BRIEF: Below are records to give again exactly; omit each image they contain.

▼

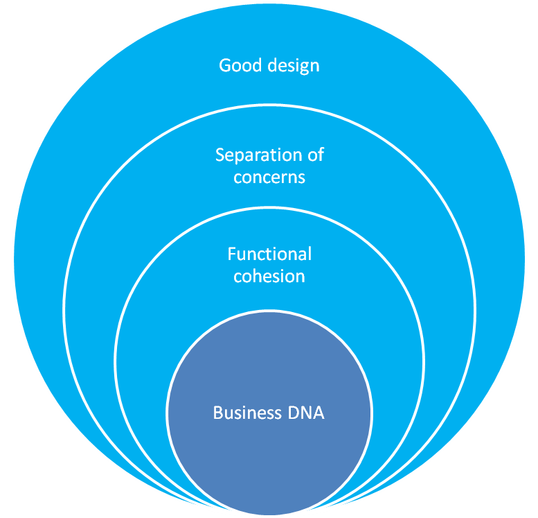 - The core structure of the software should match the real business functions. A change in the business will be reflected with minimum effort and with maximum quality in these cases
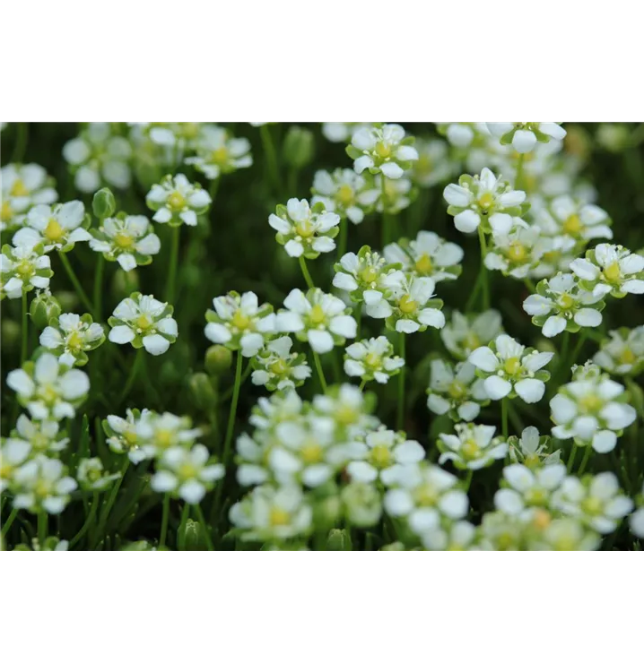 Sie brauchen einen richtig schönen Bodendecker, der einen feinen Charakter aufweist? Das Sternmoos wird Ihnen gefallen. Wie ein samtiger Teppich breitet es sich aus, wenn es einen Sonnenplatz oder einen halbschattigen Wachstumsort erhält. Von Juni bis Juli bringt das mattenbildende Moos weiße Blüten hervor, die fröhlich aus dem grünen Untergrund hervorleuchten. Mit seinen 8 cm Wuchshöhe ist es auch hervorragend für den Steingarten geeignet. Sein Wurzelwerk fühlt sich in lockerem Boden wohl.
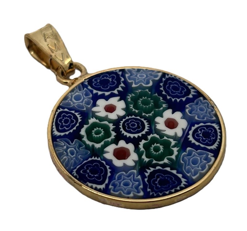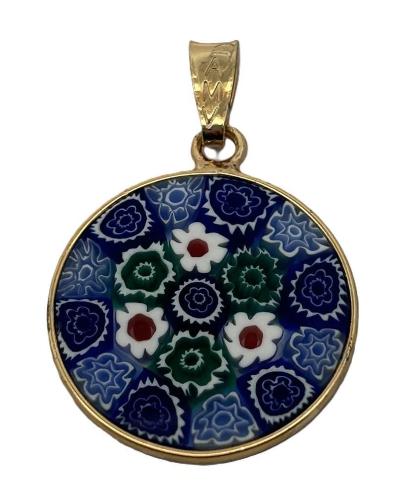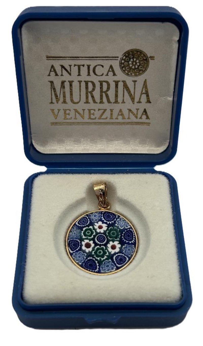ANTICA MURRINA VENEZIANA PENDANT, CRAFTED IN ITALY AND FEATURING A ROUND MILLEFIORI GLASS DESIGN IN VIBRANT SHADES OF BLUE, GREEN, WHITE, AND RED, FRAMED IN A YELLOW GOLD-TONE BEZEL WITH MATCHING BAIL. THE INTRICATE FLORAL MOSAIC PATTERN EXEMPLIFIES TRADITIONAL VENETIAN GLASS ARTISTRY. PRESENTED IN ITS ORIGINAL ANTICA MURRINA VENEZIANA BOX.Condition: Good - Refer To Images
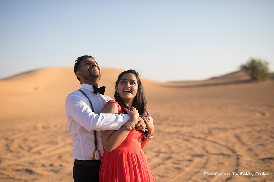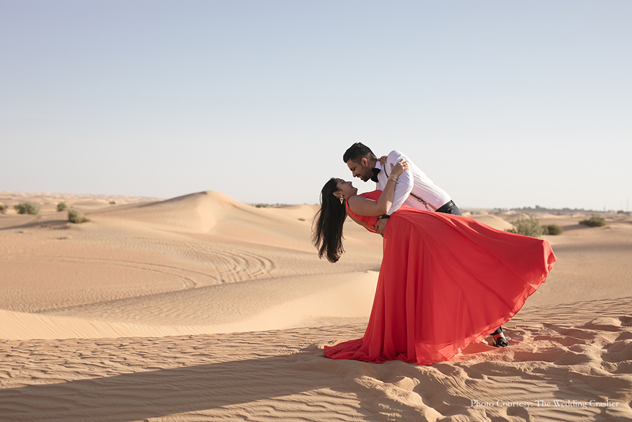 “Dhairya’s proposal panned out a little funnily. When we told our families about our relationship, they were super accepting of the choices that we had made. We decided to go to Dubai for our pre-wedding shoot and my sister, and her fiance also joined us. Dhairya was going to pop the question on a yacht. However, just a day before that, my brother-in-law who was unaware of Dhairya’s plans, asked my sister to marry him in the same way. Of course, Dhairya was unwilling to ask the big question just a day after in the manner he had intended to earlier. So he waited until the last day of our trip. That day we went to a beautiful pier on the beach, and that’s where he went down on one knee. It was beautiful. I had no idea about any of this, and was rather surprised when he asked me if I would be his wife!”
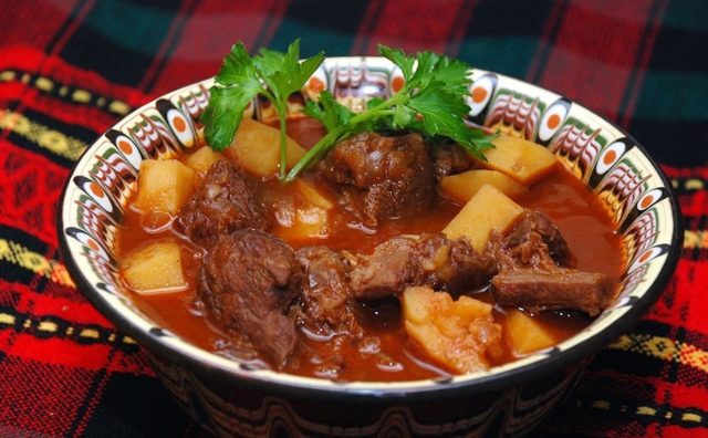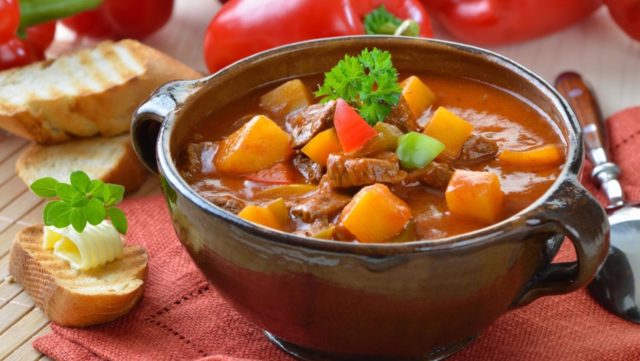 Dieses traditionelle europäische Gericht entstand vor Jahrhunderten als Hirtensuppe. Zu den ursprünglichen Zutaten gehören Kartoffeln, Rindfleisch und Paprika. Im Laufe der Zeit kamen kulinarische Experten zu dem Schluss, dass Schweinefleisch das Endergebnis zarter und ausgewogener macht.
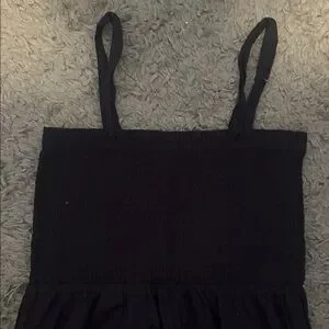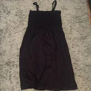 Chic black midi dress with a classic design. Perfect for versatile styling.

▲

RESPONSE TO THIS TASK:
 - The core structure of the software should match the real business functions. A change in the business will be reflected with minimum effort and with maximum quality in these cases
 Sie brauchen einen richtig schönen Bodendecker, der einen feinen Charakter aufweist? Das Sternmoos wird Ihnen gefallen. Wie ein samtiger Teppich breitet es sich aus, wenn es einen Sonnenplatz oder einen halbschattigen Wachstumsort erhält. Von Juni bis Juli bringt das mattenbildende Moos weiße Blüten hervor, die fröhlich aus dem grünen Untergrund hervorleuchten. Mit seinen 8 cm Wuchshöhe ist es auch hervorragend für den Steingarten geeignet. Sein Wurzelwerk fühlt sich in lockerem Boden wohl.
ANTICA MURRINA VENEZIANA PENDANT, CRAFTED IN ITALY AND FEATURING A ROUND MILLEFIORI GLASS DESIGN IN VIBRANT SHADES OF BLUE, GREEN, WHITE, AND RED, FRAMED IN A YELLOW GOLD-TONE BEZEL WITH MATCHING BAIL. THE INTRICATE FLORAL MOSAIC PATTERN EXEMPLIFIES TRADITIONAL VENETIAN GLASS ARTISTRY. PRESENTED IN ITS ORIGINAL ANTICA MURRINA VENEZIANA BOX.Condition: Good - Refer To Images
 “Dhairya’s proposal panned out a little funnily. When we told our families about our relationship, they were super accepting of the choices that we had made. We decided to go to Dubai for our pre-wedding shoot and my sister, and her fiance also joined us. Dhairya was going to pop the question on a yacht. However, just a day before that, my brother-in-law who was unaware of Dhairya’s plans, asked my sister to marry him in the same way. Of course, Dhairya was unwilling to ask the big question just a day after in the manner he had intended to earlier. So he waited until the last day of our trip. That day we went to a beautiful pier on the beach, and that’s where he went down on one knee. It was beautiful. I had no idea about any of this, and was rather surprised when he asked me if I would be his wife!”
 Dieses traditionelle europäische Gericht entstand vor Jahrhunderten als Hirtensuppe. Zu den ursprünglichen Zutaten gehören Kartoffeln, Rindfleisch und Paprika. Im Laufe der Zeit kamen kulinarische Experten zu dem Schluss, dass Schweinefleisch das Endergebnis zarter und ausgewogener macht.
 Chic black midi dress with a classic design. Perfect for versatile styling.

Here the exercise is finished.